It's simply not possible for Chicagoans (is that the word?) to test all their
ideas. There are plenty of theories for which no real-world data exists, so
they must remain as speculation for now.

And I'm extremely sympathetic to the Austrian ideas. I love Mises' _Human
Action_ (at least the parts of it I've been able to get through so far). At
the same time, I must acknowledge that the deeper one goes into such
reasoning, the greater the chance for failing to notice that you made an
assumption, one that may be wrong. So there's a necessity to get back to a
touchstone of the real world occasionally.

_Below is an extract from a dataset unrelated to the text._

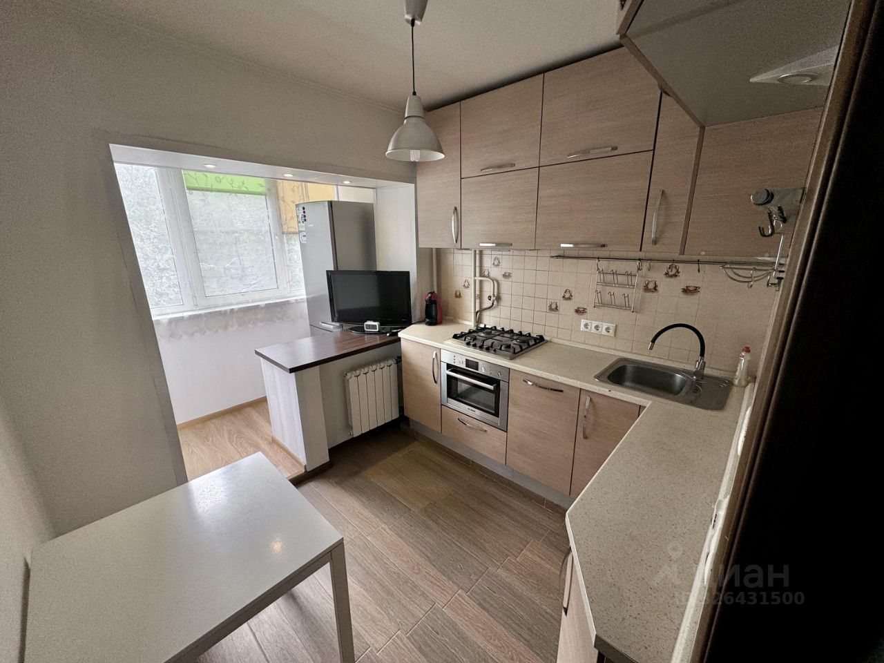 Кухня совмещена с балконом увеличивая ее пространство.

It may not seem so, but it's easy for pure logic to go astray. Mathematicians
pride themselves on logical rigor, but the fact is that many modern-day
mathematical proofs are so complex that no one is _really_ sure that they're
correct.

And I'm dismayed that the Keynesians have been crowing about multipliers of
late, when all of our experience during the 70s has shown us fundamental flaws
in the Keynesian philosophy (yes, you can easily have high inflation _and_
high employment at the same time!).

------
ccc3
This struck me as a ranting collection of unsupported claims.

Unfortunately, scarcity is, and always will be, a reality. And that is a fact
hard-wired to natural science. Sure it may be possible to create an economic
system that delivers "free software to everybody," but it could never go much
further than that. We still need to live in houses and wear clothes and even
build the computers that will be used to write all this software. All of these
goods are made from scarce natural resources and no amount of tinkering with
the rules of the economy will change that fact.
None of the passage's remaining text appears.